**DATA**
━━━━━━━━━━━━━━━━━━━━

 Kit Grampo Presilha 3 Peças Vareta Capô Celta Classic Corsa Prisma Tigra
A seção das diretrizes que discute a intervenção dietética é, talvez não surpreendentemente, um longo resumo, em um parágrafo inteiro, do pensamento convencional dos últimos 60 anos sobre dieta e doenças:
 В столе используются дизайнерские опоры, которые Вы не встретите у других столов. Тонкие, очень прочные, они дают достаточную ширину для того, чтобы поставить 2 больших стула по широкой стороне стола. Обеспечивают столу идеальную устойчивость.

━━━━━━━━━━━━━━━━━━━━

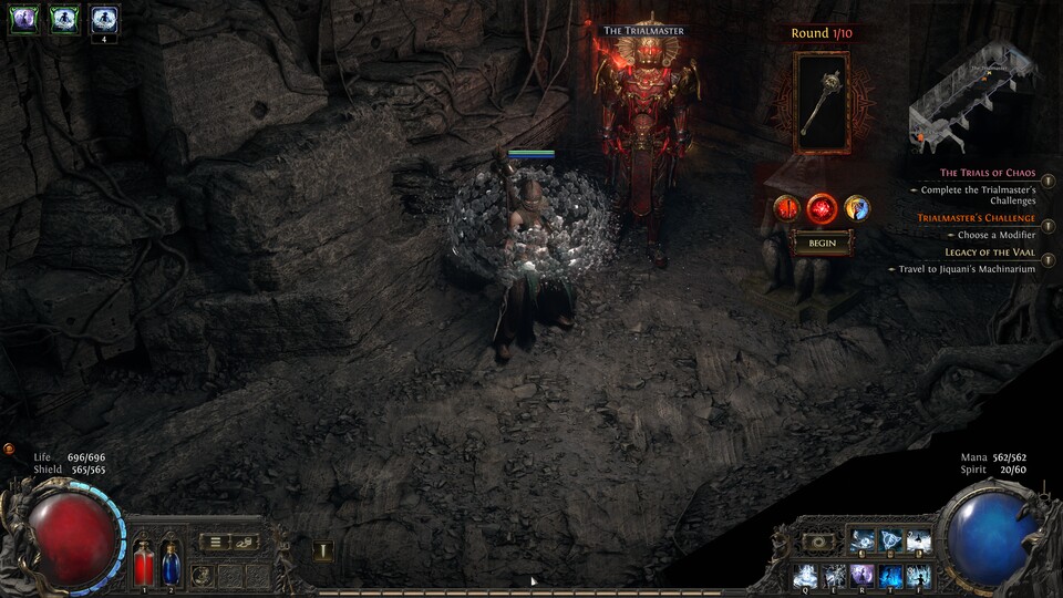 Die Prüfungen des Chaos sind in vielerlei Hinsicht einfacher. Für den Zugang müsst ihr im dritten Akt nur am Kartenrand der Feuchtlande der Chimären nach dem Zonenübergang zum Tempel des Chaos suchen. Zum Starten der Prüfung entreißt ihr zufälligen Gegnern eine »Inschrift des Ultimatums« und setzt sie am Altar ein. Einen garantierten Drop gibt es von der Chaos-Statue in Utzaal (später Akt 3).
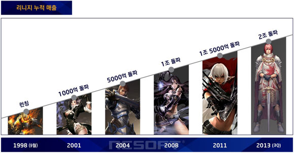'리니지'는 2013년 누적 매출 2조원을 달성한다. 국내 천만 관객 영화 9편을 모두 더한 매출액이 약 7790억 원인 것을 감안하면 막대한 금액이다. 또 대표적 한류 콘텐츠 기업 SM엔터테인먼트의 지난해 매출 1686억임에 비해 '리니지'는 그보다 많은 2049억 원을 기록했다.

━━━━━━━━━━━━━━━━━━━━

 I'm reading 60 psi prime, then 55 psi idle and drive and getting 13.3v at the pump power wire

━━━━━━━━━━━━━━━━━━━━

**ACTIVITY**
Every line above from the line with "Kit Grampo Presilha" to the line with "В столе используются", both included, must be reproduced exactly, and no other line may appear.

**TASK ANSWER**
 Kit Grampo Presilha 3 Peças Vareta Capô Celta Classic Corsa Prisma Tigra
A seção das diretrizes que discute a intervenção dietética é, talvez não surpreendentemente, um longo resumo, em um parágrafo inteiro, do pensamento convencional dos últimos 60 anos sobre dieta e doenças:
 В столе используются дизайнерские опоры, которые Вы не встретите у других столов. Тонкие, очень прочные, они дают достаточную ширину для того, чтобы поставить 2 больших стула по широкой стороне стола. Обеспечивают столу идеальную устойчивость.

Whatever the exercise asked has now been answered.